Introduction: Family conferences (FCs) may be important in communication. There is limited evidence about their value in palliative medicine. We examined specific information needs of patient-identified spokespersons (SP) and if the needs were met by a subsequent FC. Further data were collected on FC attendee characteristics, changes in SP distress, and SP assessment of FC value.
Methods: We conducted a prospective observational study of the family SP perspective of consecutive first time palliative medicine FCs for cancer patients. The SP completed standardized questionnaires and a Distress Thermometer pre- and post-FC.
Results: Seventy-eight FCs were eligible. Daughters/sons were the largest single attendee group. The median FC duration was 45 minutes (range 30-100). The location was usually at the bedside. Distress thermometer (DT) scores fell in 51%, rose in 26%, were stable in 23%, and were unaffected by patient presence. On average, there was a one-unit reduction in DT scores post compared to pre (p = 0.0059, 95% CI -1.5 to -0.3). The SP wanted information on a median of 15 (range 13, 17; 83%) questionnaire items beforehand; a median of 12 (range 10-14; 67%) were discussed. Overall, 62% of the total items were "needs met" in ≥50% of the SP.
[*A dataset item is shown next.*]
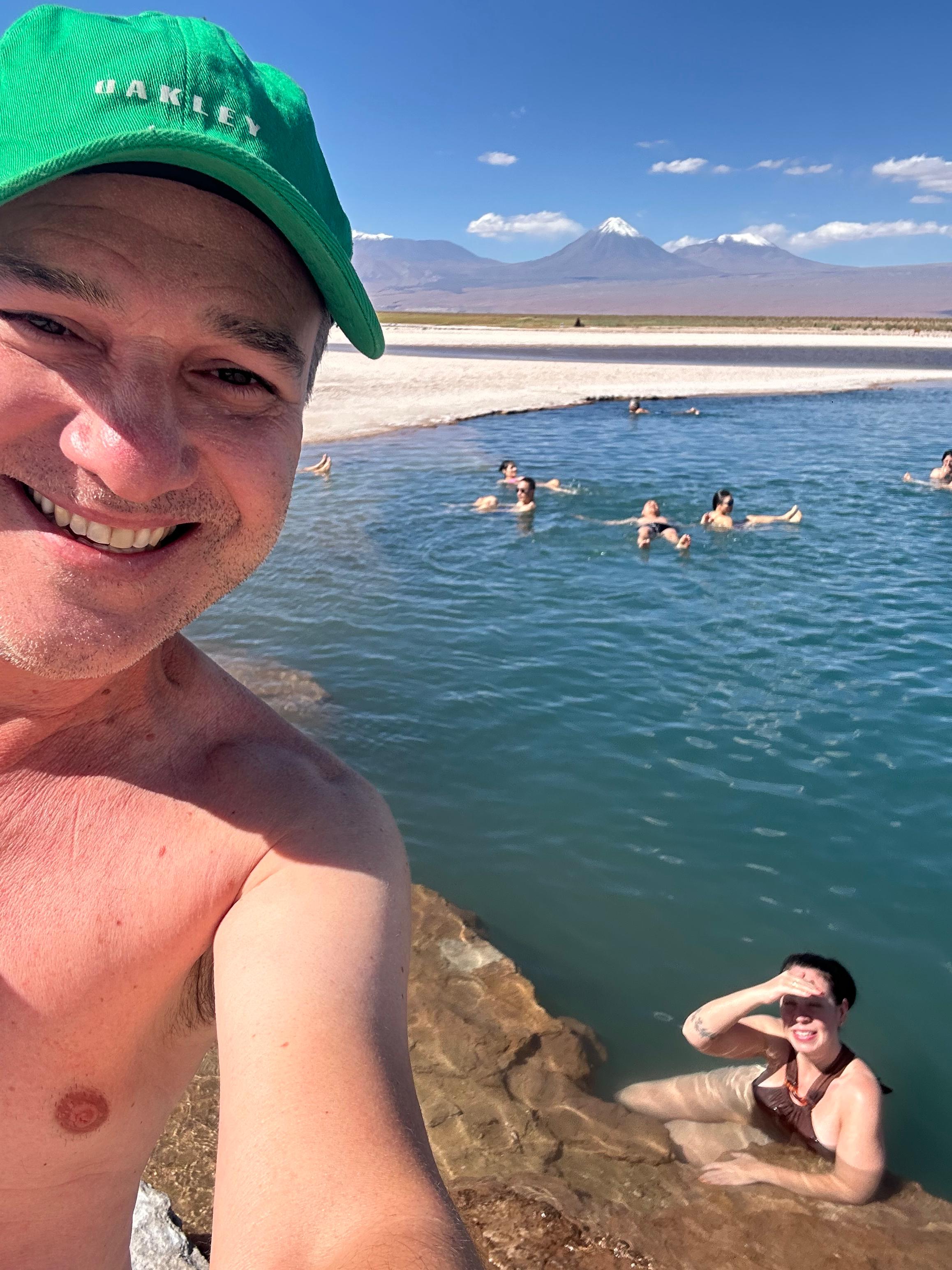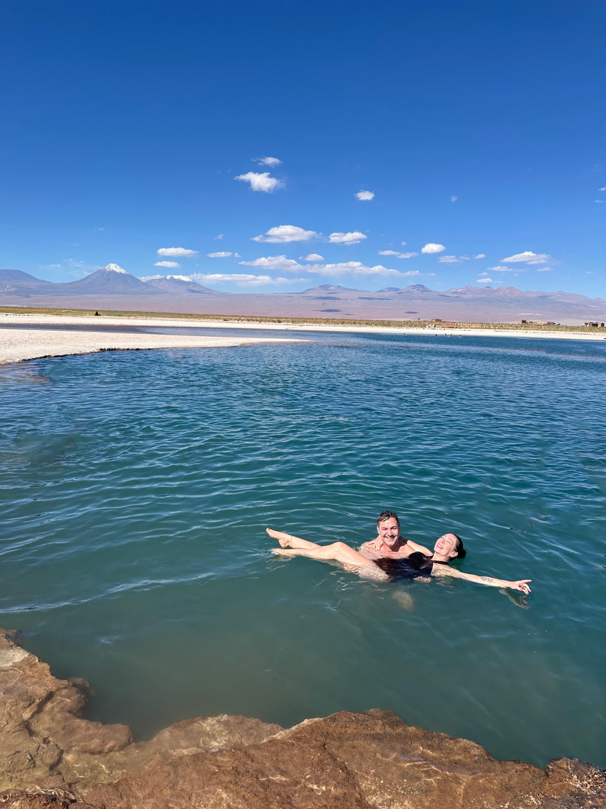 Quem diria que em pleno Atacama a gente ia boiar igual rolha na Laguna Cejar? Com 250g de sal por litro d’água, a sensação é tipo “Mar Morto, versão chilena”! 😂 Depois, o sal seca no corpo e você sai parecendo um cristal ambulante… mas relaxa, tem ducha doce logo ali pra dar aquela salvada, ufa! 😅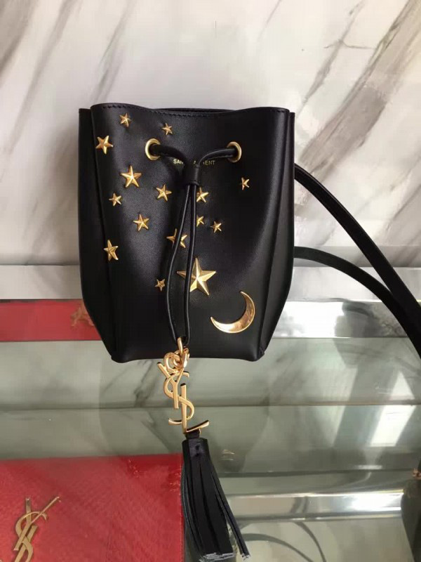 Y51 moon & star blk leather bucket bag 4813 16.5cm x 15cm x 10 cm

Conclusions: The FC attracted multiple participants; usually sons and daughters. Duration was typically 45 minutes and usually at the bedside. Nearly all SPs found the concept valuable both before and after the FC. Distress decreased or remained stable in most SPs. Most of their self-identified information needs were met. Thematic analysis of qualitative data supported the value of FC. Formal FCs are powerful and important communication tools in advanced cancer.
Keywords: cancer; communication; family; interdisciplinary; palliative medicine; spokesperson.